Meine Seele dürstet, hechelt und verlangt nach dem lebendigen Gott. Ich möchte kommen und dein Angesicht sehen. PT
Ps 63,2 Gott, mein Gott bist du; nach dir suche ich. Es dürstet nach dir meine Seele, nach dir schmachtet mein Fleisch in einem dürren und erschöpften Land ohne Wasser.


1. Ich mag die Überschrift - „ein Schrei nach Erweckung“
Wie fühlst dich derzeit? David war an einem Ort, der hieß „dürr und erschöpft“ - geographisch aber auch ein innerer Zustand. Siehe dazu auch Ps 107,2-9

2. Ich mag die Bitten – leidenschaftlich vorgebracht
a. Mich verlangt es von dir zu trinken – von den Strömen der Freude (Behagen,Genuss,Vergnügens), die aus deiner Gegenwart fließen.
b. Mich verlangt nach mehr von dir!
c. Mich verlangt es zu kommen und dein Angesicht zu sehen

Was aber wenn du dich zwar am dürren Ort befindest, aber dir dieses Verlangen fehlt. So gut zu wissen, daß auch dies der Hl. Geist in dir schüren und vermehren kann. Er bewegt unsere Herzen, sodass wir Abba Vater rufen, (Gal 4,6) und auch anderes Schreien….

Mir gefällt was Bill J. Über den Zusammenhang von Disziplin und Leidenschaft über unser Gebetsleben schreibt, es gilt meines Erachtens für unsere gesamte Nachfolge.
„Leidenschaft ist die Frucht einer Begegnung mit Gott. Viele Christen disziplinieren sich grundlegende Praktiken des R.G. einzuhalten. Das Problem ist, dass sie sich disziplinieren, zu dem Einen zu beten (oder ihm zu dienen usw.), dem sie schon eine Weile nicht begegnet sind. Disziplin ist keineswegs etwas Negatives; sie ist ein wichtiger Faktor, wenn es darum geht die Leidenschaft aufrechtzuerhalten. Wenn jedoch keine Leidenschaft vorhanden ist, die wir aufrechterhalten können, müssen wir unbedingt eine Kehrtwendung machen.“

Leidenschaft befähigt uns , unseren Auftrag und das zu erfüllen, was Gott dir gesagt hat.
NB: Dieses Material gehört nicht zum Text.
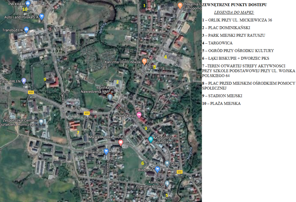 Urząd Miejski w Sejnach zaprasza mieszkańców i turystów do czynnego korzystania z dostępu do szybkiego Internetu WiFi4EU w 10 punktach na terenie miasta Sejny:
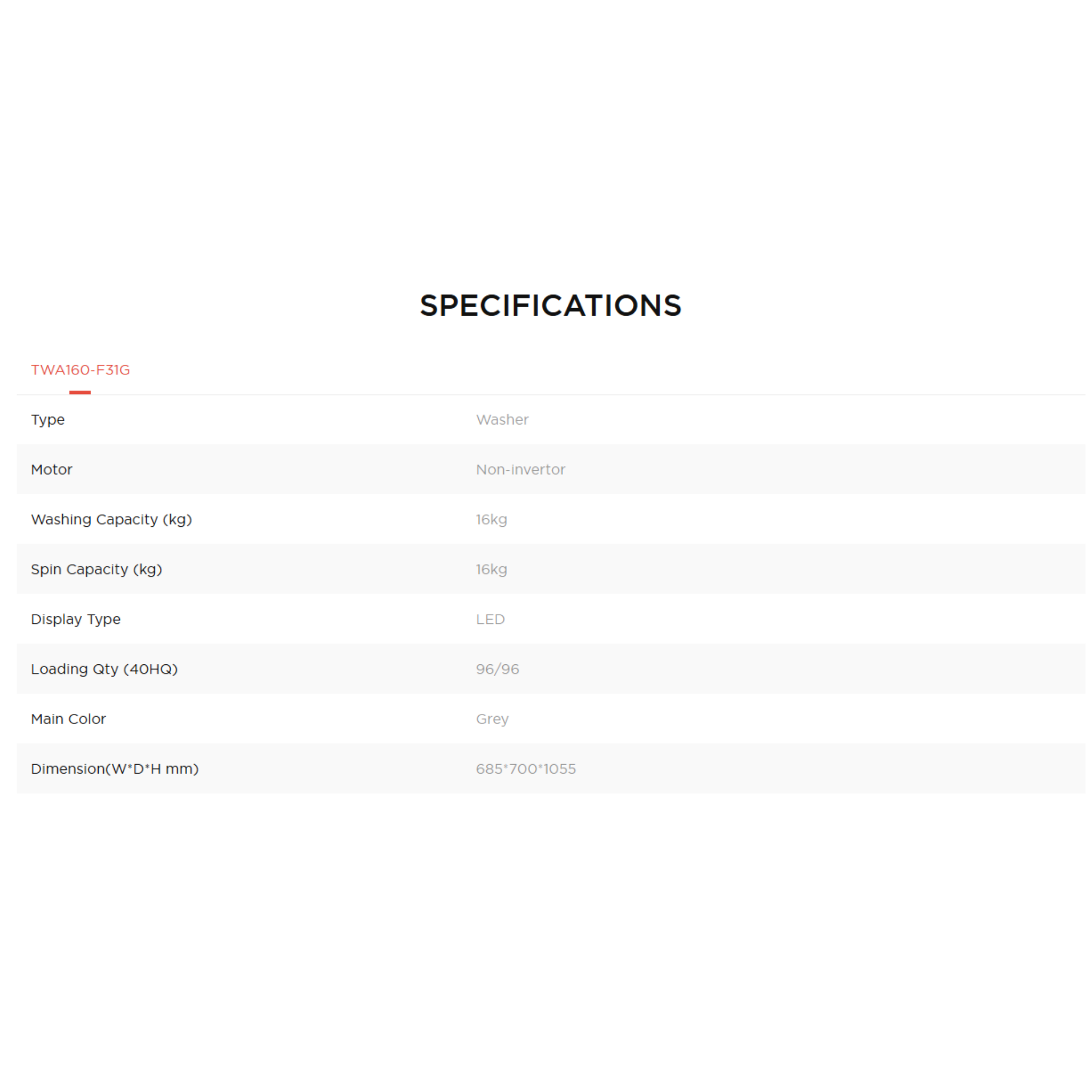 TCL 16KG Top Load Washing Machine TWA160-F31G
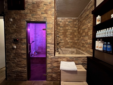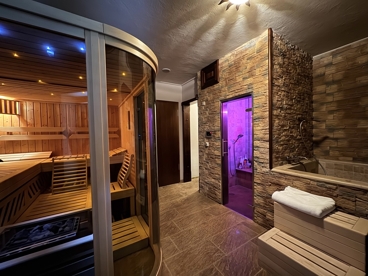• Hochwertiger Wellnessbereich: Finnische Sauna, Dampfsauna, Tauchbecken, WC

Wie ich es bereits an Pfingsten gepredigt habe. Die Jünger hatten zwar beständige Begegnungen mit Jesus gehabt und waren bevollmächtigt...aber an Pfingsten sollten sie eine neue göttliche Begegnung erfahren, die mit neuer Kraft einherging. Und die zweite folgte sogleich, als beim gemeinsamen Gebet die Erde bebte und sie neu erfüllt wurden...(Apg )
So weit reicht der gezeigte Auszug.